**Exercise materials**
=======

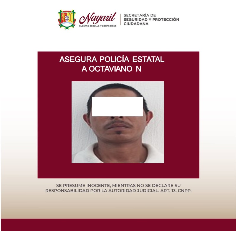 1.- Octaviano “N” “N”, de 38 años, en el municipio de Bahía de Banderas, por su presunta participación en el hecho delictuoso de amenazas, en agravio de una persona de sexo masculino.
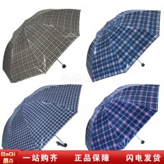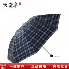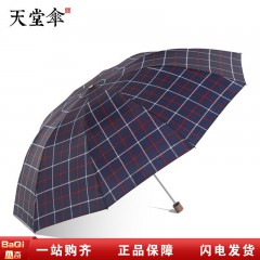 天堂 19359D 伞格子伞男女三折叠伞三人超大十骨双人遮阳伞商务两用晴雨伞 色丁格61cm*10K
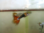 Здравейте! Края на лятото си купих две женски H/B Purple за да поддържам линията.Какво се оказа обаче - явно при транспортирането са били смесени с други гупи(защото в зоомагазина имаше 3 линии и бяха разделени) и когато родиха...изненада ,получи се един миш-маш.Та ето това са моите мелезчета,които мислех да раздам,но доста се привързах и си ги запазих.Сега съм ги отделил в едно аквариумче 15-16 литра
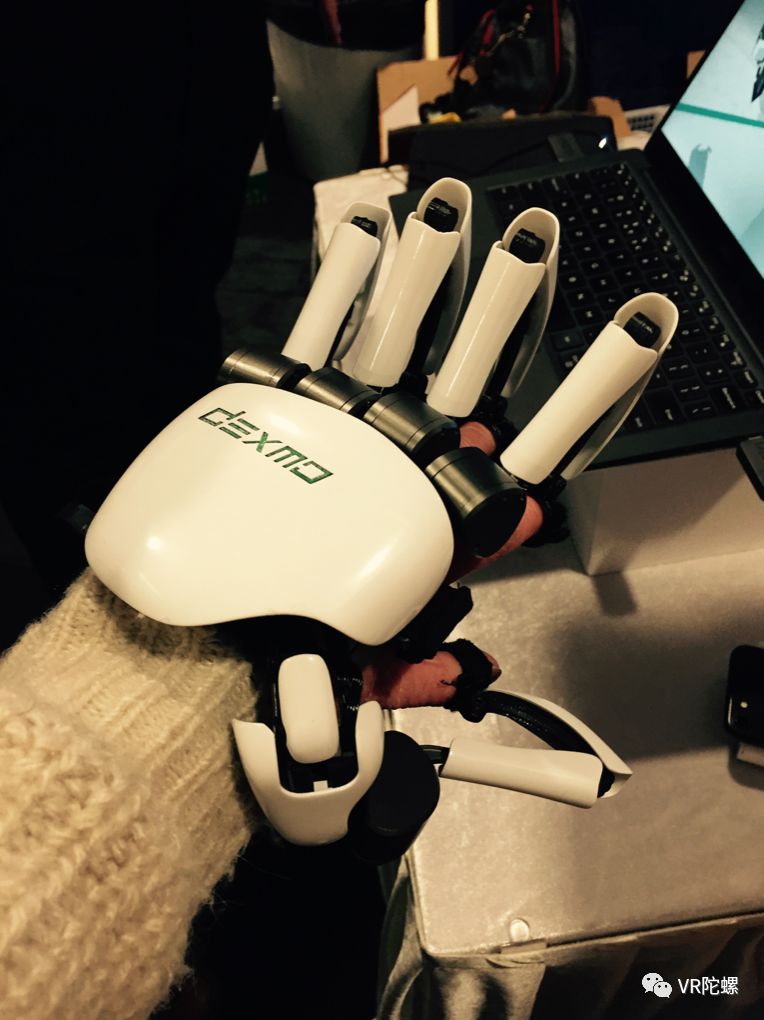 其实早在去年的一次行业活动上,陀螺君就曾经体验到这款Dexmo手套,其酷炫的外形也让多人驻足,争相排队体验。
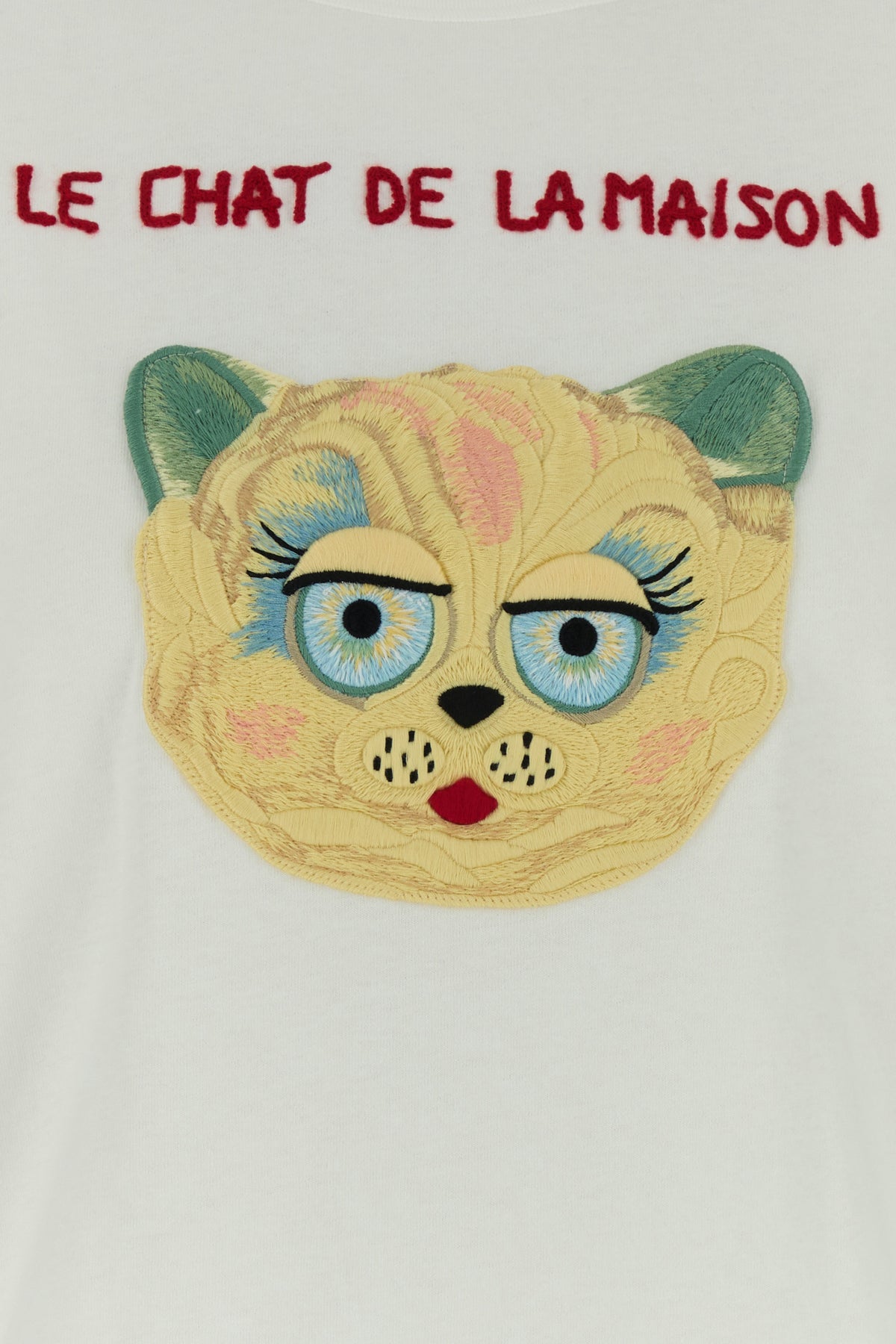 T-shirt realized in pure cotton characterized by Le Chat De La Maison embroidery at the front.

=======

**Task brief**
Could you repeat all of the entries exactly, without the pictures?

**Answer for this exercise**
 1.- Octaviano “N” “N”, de 38 años, en el municipio de Bahía de Banderas, por su presunta participación en el hecho delictuoso de amenazas, en agravio de una persona de sexo masculino.
 天堂 19359D 伞格子伞男女三折叠伞三人超大十骨双人遮阳伞商务两用晴雨伞 色丁格61cm*10K
 Здравейте! Края на лятото си купих две женски H/B Purple за да поддържам линията.Какво се оказа обаче - явно при транспортирането са били смесени с други гупи(защото в зоомагазина имаше 3 линии и бяха разделени) и когато родиха...изненада ,получи се един миш-маш.Та ето това са моите мелезчета,които мислех да раздам,но доста се привързах и си ги запазих.Сега съм ги отделил в едно аквариумче 15-16 литра
 其实早在去年的一次行业活动上,陀螺君就曾经体验到这款Dexmo手套,其酷炫的外形也让多人驻足,争相排队体验。
 T-shirt realized in pure cotton characterized by Le Chat De La Maison embroidery at the front.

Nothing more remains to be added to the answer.